The word "protozoa" (singular protozoon) was coined in 1818 by zoologist Georg August Goldfuss (=Goldfuß), as the Greek-derived calque of the German Urthiere, meaning "primitive, or original animals" (ur- 'proto-' + Thier 'animal'). Goldfuss created Protozoa as a class containing what he believed to be the simplest animals. Originally, the group included not only single-celled microorganisms but also some "lower" multicellular animals, such as rotifers, corals, sponges, jellyfish, bryozoans and polychaete worms. The term Protozoa is formed from the Greek words πρῶτος, meaning "first", and ζῷα, plural of ζῷον, meaning "animal".

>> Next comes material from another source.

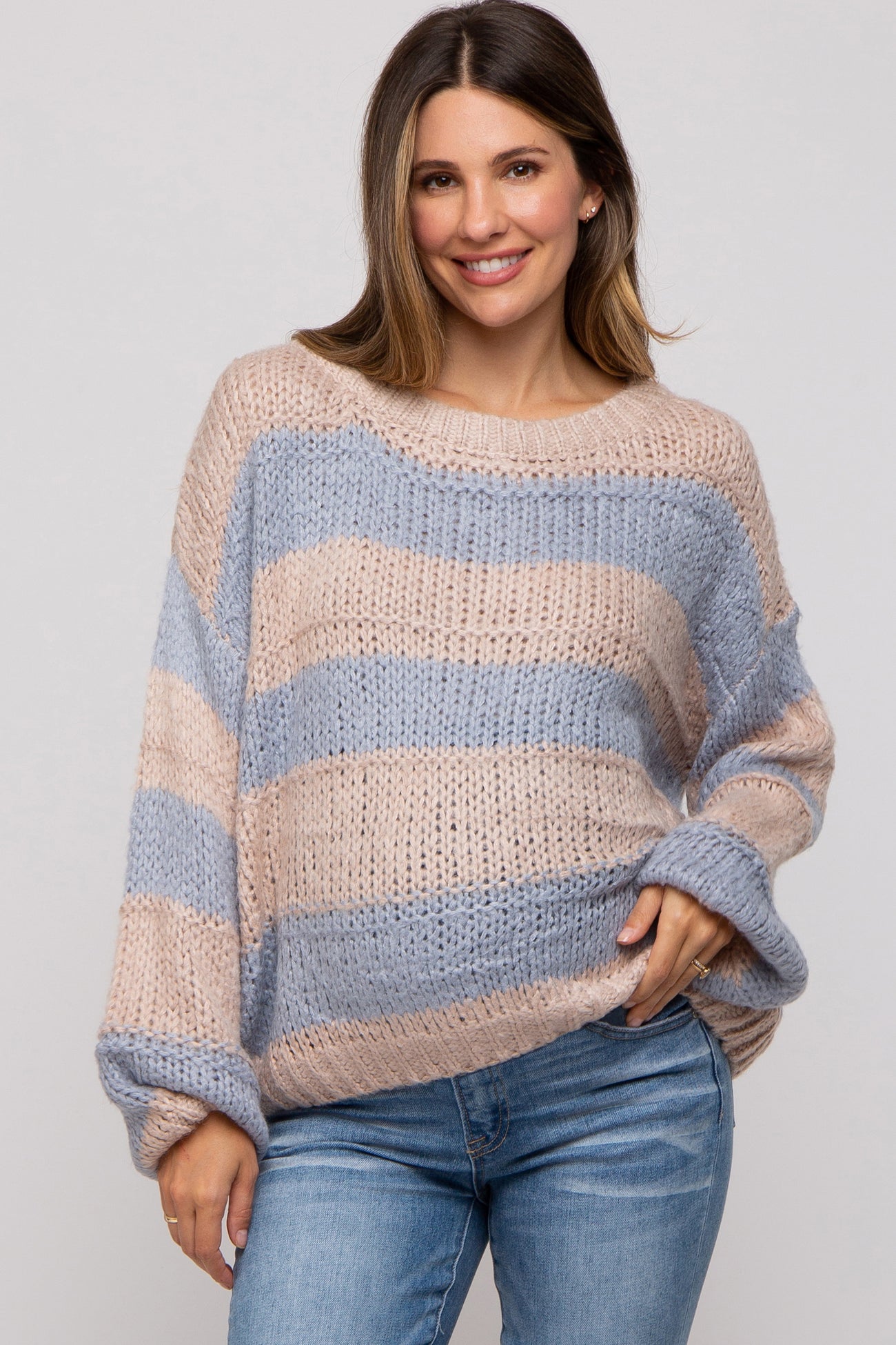 A knit striped maternity sweater featuring long sleeves and a rounded neckline.

In 1848, with better microscopes and Theodor Schwann and Matthias Schleiden's cell theory, the zoologist C. T. von Siebold proposed that the bodies of protozoa such as ciliates and amoebae consisted of single cells, similar to those from which the multicellular tissues of plants and animals were constructed. Von Siebold redefined Protozoa to include only such unicellular forms, to the exclusion of all Metazoa (animals). At the same time, he raised the group to the level of a phylum containing two broad classes of microorganisms: Infusoria (mostly ciliates) and flagellates (flagellated protists and amoebae). The definition of Protozoa as a phylum or subkingdom composed of "unicellular animals" was adopted by the zoologist Otto Bütschli—celebrated at his centenary as the "architect of protozoology".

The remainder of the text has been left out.